Оседал подброшенный в воздух снег, и рассеивался вонючий, чесночный дым. Ординарцу комбата снесло осколком голову, а старшему лейтенанту перебило пальцы на правой руке. Назин оказался невредимым. Только вот пушка была искалечена изрядно. Осколок ударил в поворотный механизм орудия и заклинил его.
– Отвоевался! – заорал вдруг комбат.
Он был контужен и не слышал собственного голоса, потому и кричал, глядя на изувеченную руку, нелепо выглядевшую без пальцев.
– Не могли мне левую отсечь, собаки!
Дружинин бросился к комбату, затянул убитую руку у основания кисти, чтобы остановить кровь, принялся было перевязывать, но Шабуров оттолкнул его.
– Иди к орудию, сержант! – снова заорал он. – Я потерплю.

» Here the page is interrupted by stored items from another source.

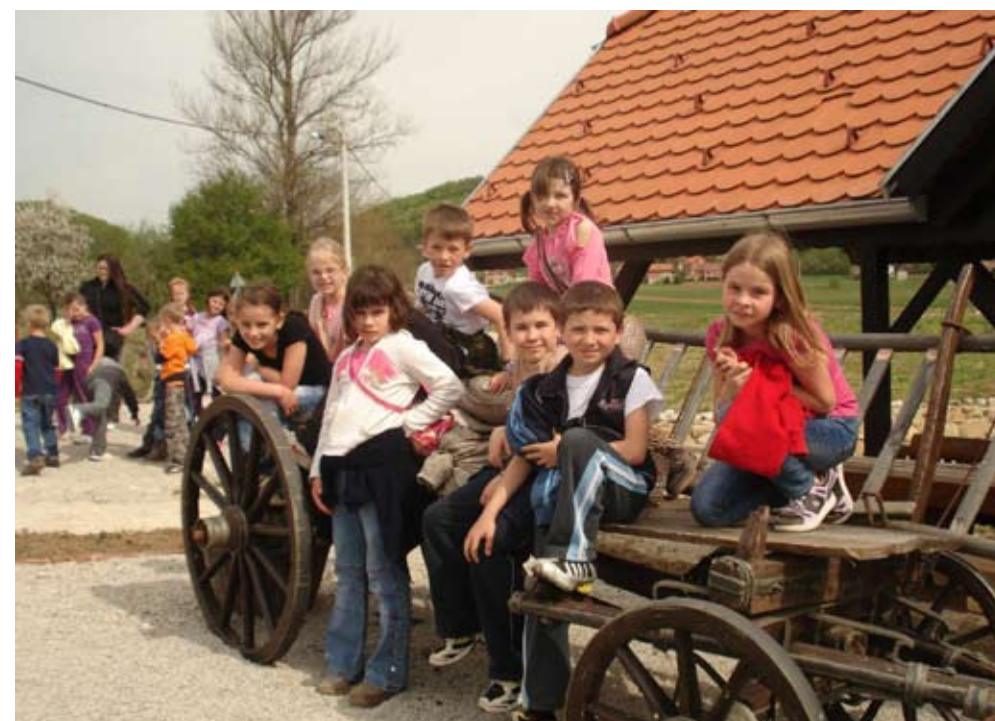
Nakon obilaska brojnih izvora, potoka i stajaćih voda, djecu su svoje veselo druženje završila kod vodenice u Margečanu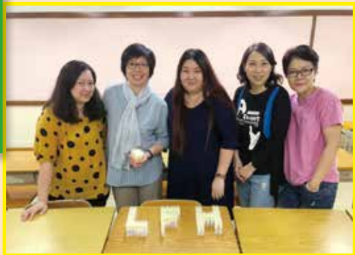
與家長義工們製作天然驅蚊膏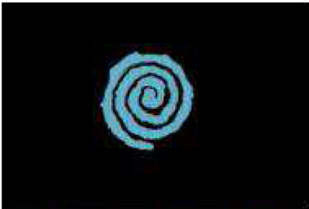
(c) Opération logique de soustraction pour obtenir le volume d'ablation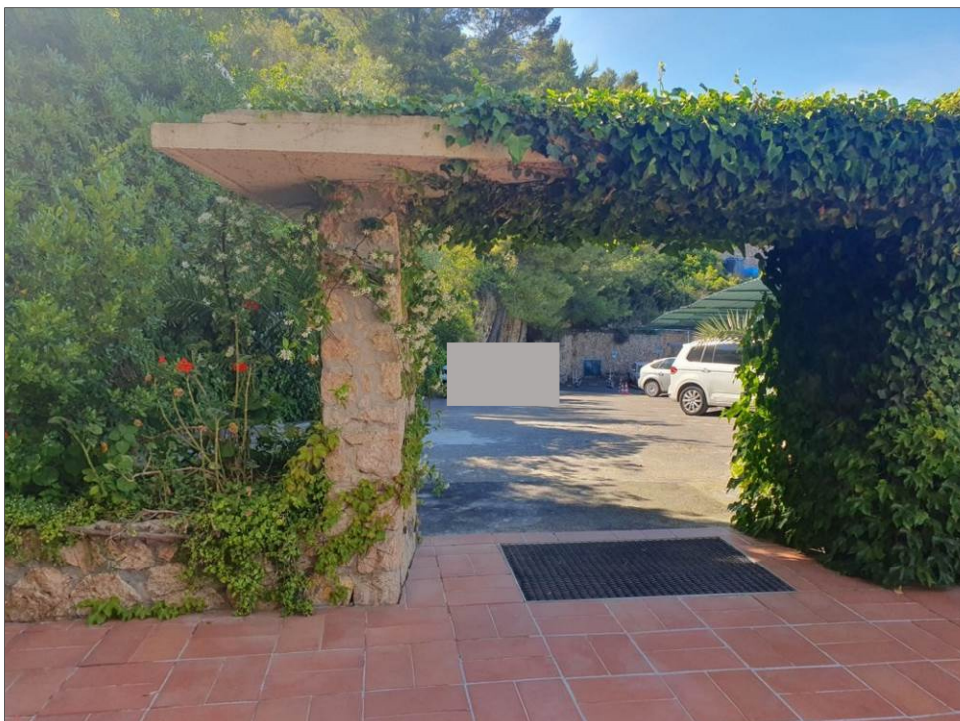
Foto 4 - Vista zona ingresso del fabbricato e parcheggio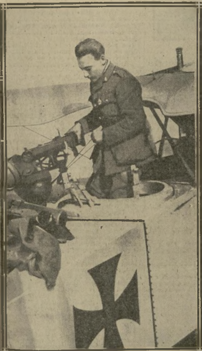
A BORD D'UN AVIATIK, EN 1915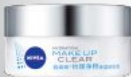
妮维雅®「卸妆大白罐」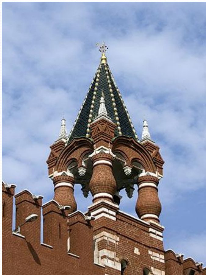
Царская башня Московского Кремля

Справа от Набатной башни находится Царская башня . Она совсем не похожа на другие Кремлёвские башни. Прямо на стене стоят 4 колонны, а на них островерхая крыша. Нет ни мощных стен, ни узких бойниц. Но они ей и ни к чему. Потому что строили башню вовсе не для обороны. По преданию царь Иван Грозный любил с этого места глядеть на свой город. Позже здесь соорудили самую маленькую башню Кремля и назвали её Царской. Высота её 16,7 м.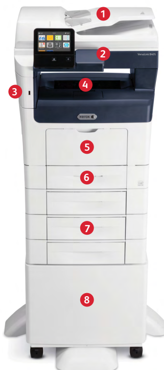
Xerox® VersaLink® B405 többfunkciós nyomtató Nyomtat. Másol. Szkennel. Faxol. E-mailt küld.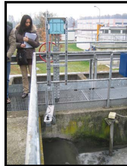
12 Sensore di misura portata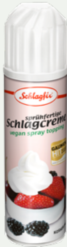
97 | SCHLAGFIX Sprühfertige Schlagcreme, 200ml Art.-Nr.: A004391 VPE: 12 Stück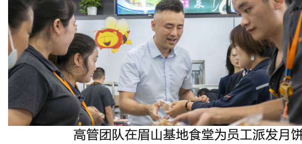
高管团队在眉山基地食堂为员工派发月饼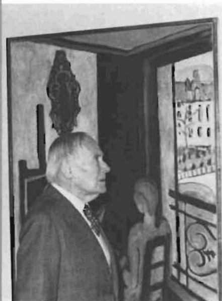
Joan Miró, ante un cuadro de la Exposición Matisse, en 1980.

Reflejar, con un criterio didáctico, las invenciones, rupturas y aportaciones más importantes que han jalonado la evolución de la escultura desde comienzos de nuestro siglo hasta la segunda guerra mundial fue el propósito de la exposición colectiva que, con el título « Medio siglo de escultura: 1900-1945 », se montó en el otoño de 1981. La integraban 123 obras de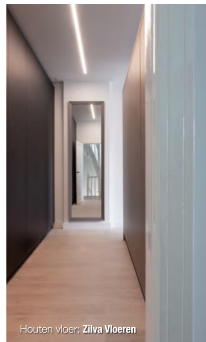
Houten vloer: Zilva Vloeren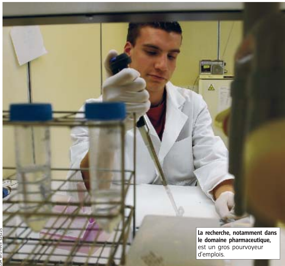
La recherche, notamment dans le domaine pharmaceutique, est un gros pourvoyeur d'emplois.

Au cours de ces dernières années, l'emploi total dans la chimie et la pharmacie n'a cessé de croître: une augmentation de 37 % entre 1996 et 2007 a d'ailleurs été observée. Soit 5 632 postes de travail supplé-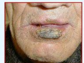
1 month after PDT therapy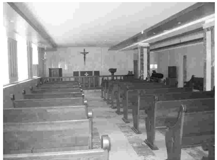
Novosibirski luterliku koguduse kirikusaal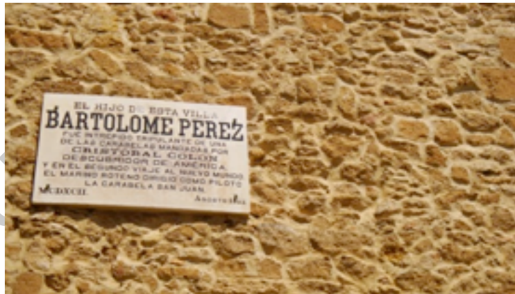
Imagen 5 Placa IV Centenario descubrimiento

Junto a la Iglesia de la O encontramos una placa conmemorativa que nos recuerda la ligada historia de la ciudad de Rota con el descubrimiento de América, de donde fueron muchos de los marineros que se embarcaron en tal épica aventura. Entre ellos uno muy joven que llegó al Nuevo Mundo en la carabela "La Niña" y que un año después volvería a Rota para tripular, una de las 12 carabelas de Cristóbal Colón -la carabela San Juan- durante su segundo viaje al Nuevo Mundo: Bartolomé Pérez.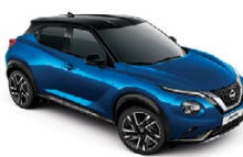
СИН С ЧЕРЕН ПОКРИВ (M) XGZ

► Доплащане за цвят металик (M): 750 лв с ДДС.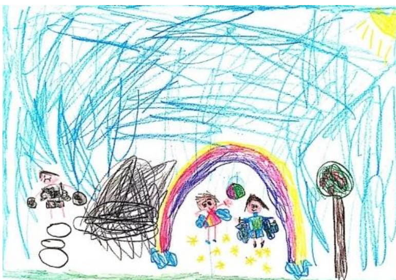
Slika 33. Dječji uradak (šest godina i pet mjeseci) - igra vani

Slika 32. – Djevojčica je nacrtala sebe i prijatelja kako se igraju vilenjaka. Dječak i djevojčica nacrtani su ispod duge, imaju krila i čarobne štapiće. Na nogama imaju čizmice, djevojčica nosi haljinu, a dječak hlače i majicu. Izrazi lica im se razlikuju, djevojčica ima širok osmijeh, oči sa zjenicama i trepavicama, dok dječak ima blagi osmijeh, oči i obrve. Između njih je nacrtano cvijeće. Izvan duge nacrtani su oblaci, stablo, nebo i sunce. Naznačeno je tlo i nebo. Može se uočiti emotivna proporcija jer su ljudski likovi prikazani mnogo veće nego stablo. Crtež je napravljen kombinacijom olovke i drvenih bojica. Iako ima mnogo boja, prevladavaju ružičasta i ljubičasta. Način oblikovanja u skladu je s dobi djeteta te crtež pripada fazi intelektualnog realizma.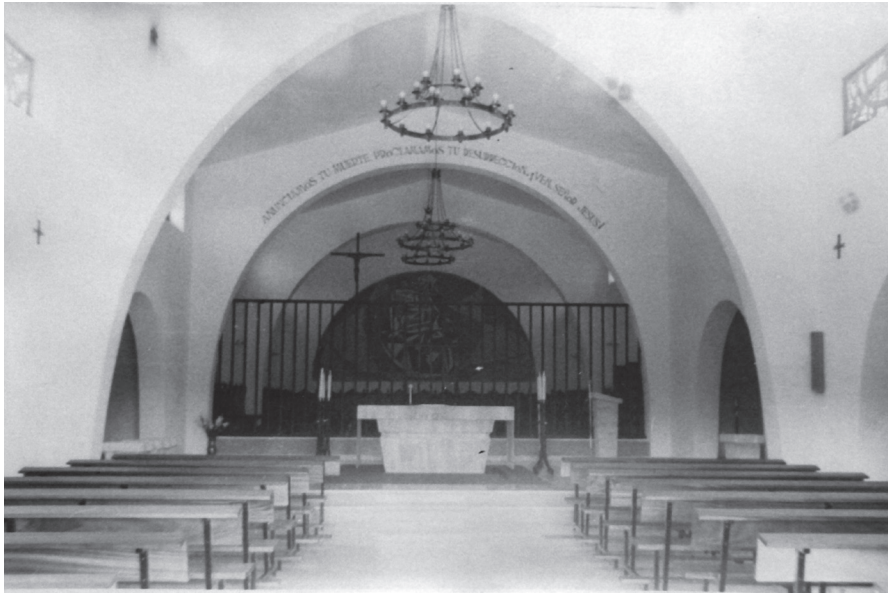
Fig. 3. Interior de la iglesia.

liturgia eucarística en caracteres mayúsculos, una por cada cara, rotulados ya en castellano adoptando el uso de las lenguas vernáculas. Mientras que del lado del coro aparece la invitación al trisagio, «Aclamamos tu nombre cantando: Santo, Santo, Santo...», a la vista de la asamblea laical se incorporó la frase «Anunciamos tu muerte, proclamamos tu resurrección. ¡Ven, Señor Jesús!» de la aclamación memorial. (fig. 3).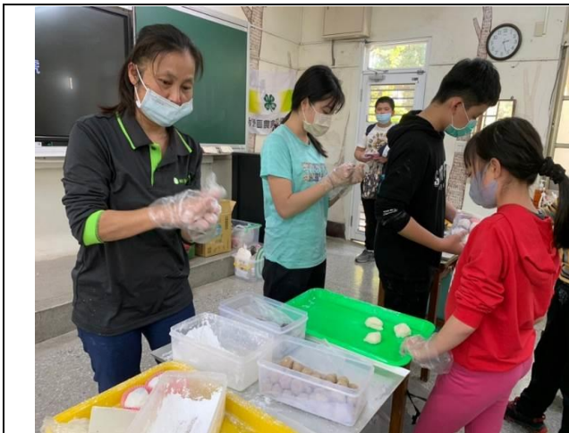
食農教育-利用米製作麻糬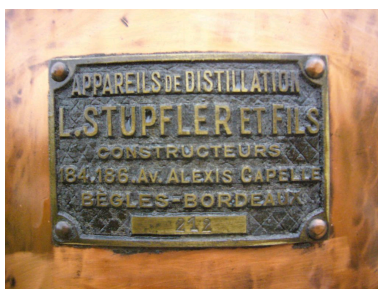
Détail : plaque portant le nom du fabriquant : L. STUPFLER ET FILS, à Bordeaux.

Да вот и этот перевяжет… Как тебя зовут? Назин вроде. Мотай бинт, говорю, мотай на кочерыжку!
Снова рвануло за позицией. Они лишь головы пригнули, когда проверещали осколки, а маленький Гриша Кузин негромко вскрикнул, поднял руки, обхватил ими голову, потом захватал-захватал широко раскрывшимся ртом, будто захлебывался, воздух и ткнулся лицом в стреляные гильзы. Назин поднял тщедушное тело, привалил к орудийному щитку, осветил лицо фонариком, увидел, как плывут по щекам красные ручейки. Осколок ударил под каску, пробил висок и вышел на затылке.
– Убили мальчишку, гады!.. Сколько ему было, Дружинин? – спросил комбат, неловко пытаясь обернуть свободным концом бинта набухшую кровью повязку.
– Весной призывался, прошлого года, – ответил сержант. – Девятнадцать-то, поди, сравнялось…
– Небось и бабу не мял ни разу, – некстати отметил Шабуров и хрипло приказал: – Кузина схоронить, позицию удерживать! Иду в медсанбат.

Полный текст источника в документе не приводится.